I had always heard that while pasteurization kills bad bacteria, it also kills good but even more harmful is the homogenization process. Essentially, I heard, that makes the milk genetically modified. But you can’t find milk, even powdered (yuck) that isn’t homogenized unless you can get it straight from the cow, Of course we don’t all live close to dairy farms. We love dairy at our house but try to consume it in moderate portions. Teen age boys don’t seem to get this. LOL So what about eggs? I have my own chickens and like the free range eggs better. But those are also listed by many Dr’s as food we should NEVER eat.
Skim Milk: 12 grams sugar…
Whole Milk: O grams sugar…
Because you see some low-fat milk loaded with sugar is not the reason milk is not healthy. Are the countries that consume loads of dairy healthy…..no! Are the five Blue Zones that consume very little dairy healthy….Yes!
We do not have the scientific skills to study individual items in diets and it will be likely a hundred years before we know the real facts about meat, fish, eggs and milk. That is too late for me so I will follow the healthy cultures and not what I read on sites like this one…
Don’t be so skeptical. Advice from this site helped me overcome almost constant diarrea. I think it may have saved my life by alerting me to kidney failure from taking Prilosec which was damaging my kidneys. It has helped me stabalize my weight. I now never go hungry but my weight is always within a pound or two of normal. I highly recommend considering Chris Kresser’s advice.
I have no idea why your comment was directed to me. First of all, I do not consume dairy products, with or without sugar!
Second, most comments on this site, as most sites, are filled with nonsense.

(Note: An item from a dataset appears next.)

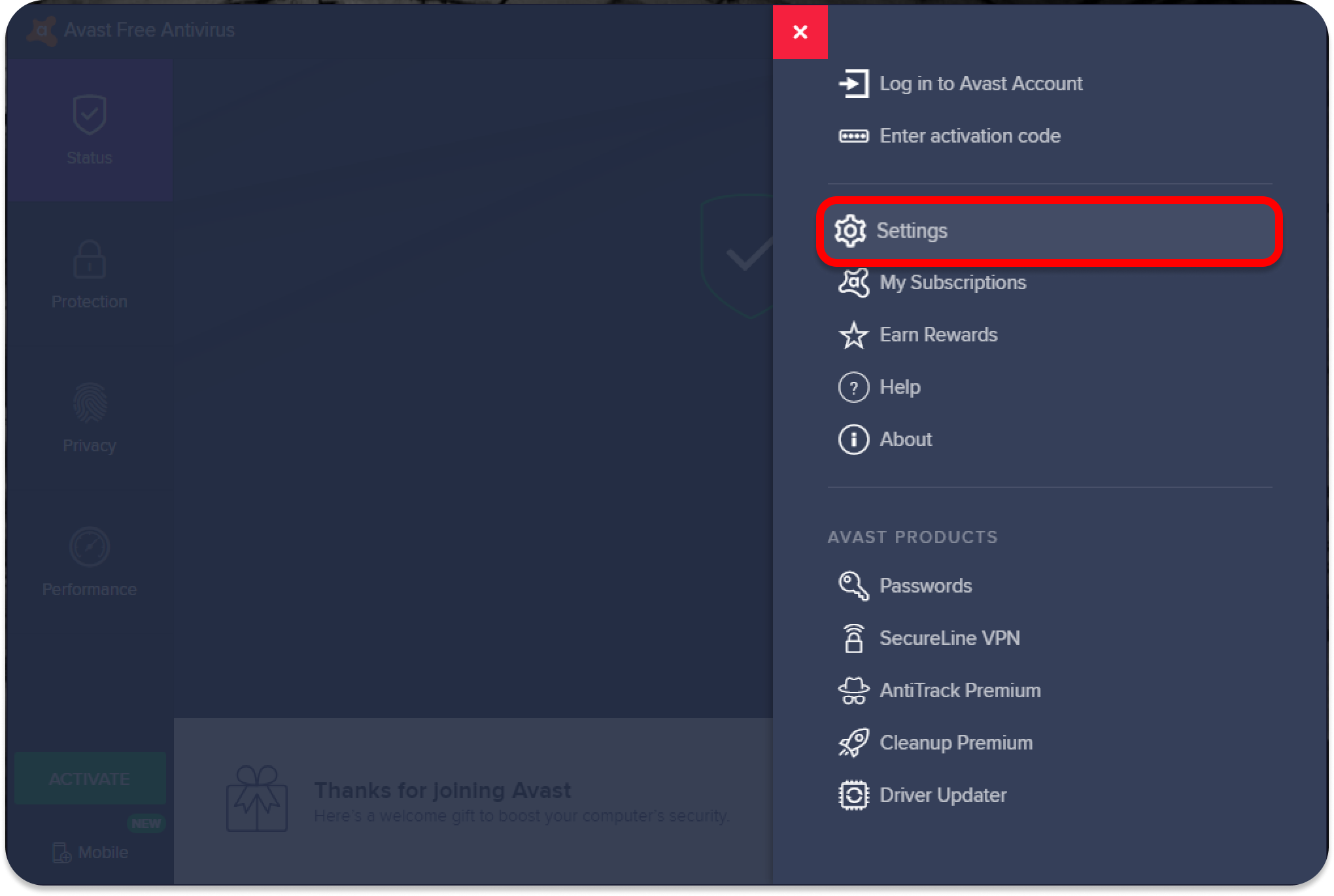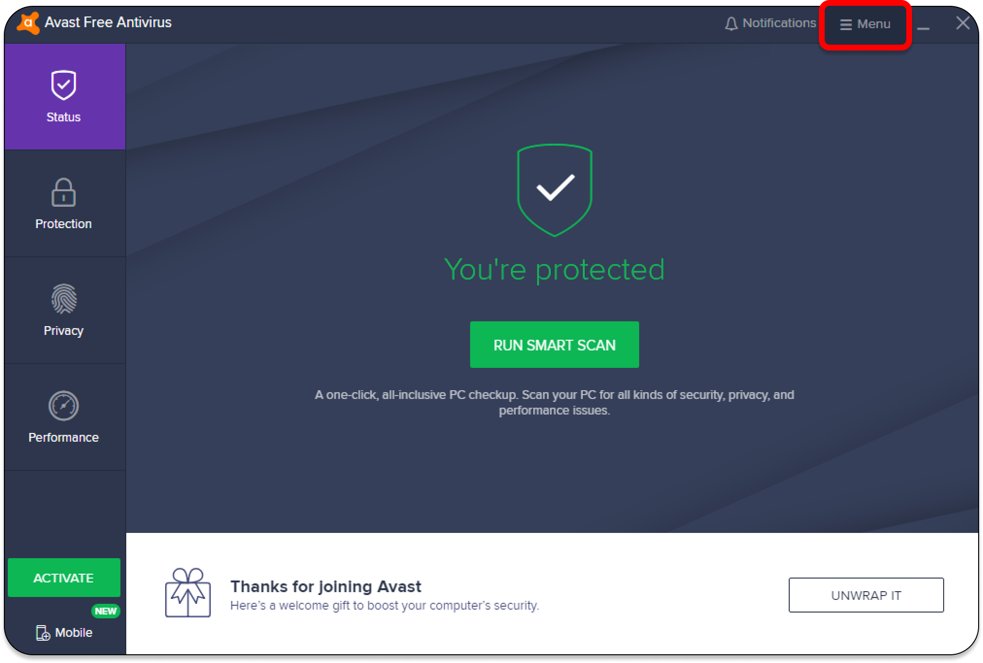 - Launch the Avast app and click the Menu button in the top-right corner.
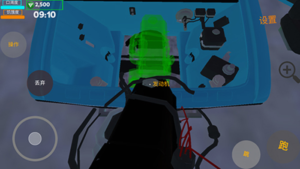 4、找到自己的车库之后,车辆是完全散装的状态,所以需要把车辆组装起来。需要做的事情就是将零件一个个的安装进汽车里(对准物品点击左上角操作,将物品放置到汽车指定位置,点击操作安装),将所有物品安装好之后进入汽车。

You like Chris, fine that is your opinion, not mine…
I am very familiar with the Blue Zones. I lived on Okinawa for four years and have four books concerning the Okinawan diet and the Blue Zones.
I prefer Drs Ornish, Esselstyn, Fuhrman and several others over what I find on the Internet in sites supposedly advocating good nutrition.
Keep your thoughts, I am not trying to convince you of anything. Enjoy and bye!
This is a question more than it is a comment. I have been doing a lot of research on this matter. While I can find information about why whole is better than nonfat/skim, what I can’t seem to find is information on the middle ground. What about low-fat? I read a quick blurb a while ago saying that chemicals were added to make mil product low-fat (as well as non-fat). Is there any truth to this? How do you weigh in on low-fat mil products in general? Any info. is highly appreciated, as I just love having a science-based answer when people ask why on earth I get whole milk at Starbucks, and buy “whole fat” cottage cheese. Thanks!
If you read the comment almost directly below yours, you’ll see one of the good reasons for going whole fat. The other reason is that a lot of lower fat foods have sugar added to them to make them more palatable. Even without the added sugar, a whole food is generally more appropriate to eat. The less food is processed (generally but not always!) the more healthy it tends to be. That’s my point of view, anyway. Your mileage may vary.
My personal experience is that you get fat by esting low fat products.
The reason is that you get hungry again soon after a low fat meal, and then you have a hunger for sweets.
Meals with more fat keeps you satisfied longer, and you will not have the same hunger for sweets.
I have gone from a BMI of 29 to 23 after I discovered this, and I do not even struggle to stay at 23, for me it just came naturally with a low carb an high fat diet.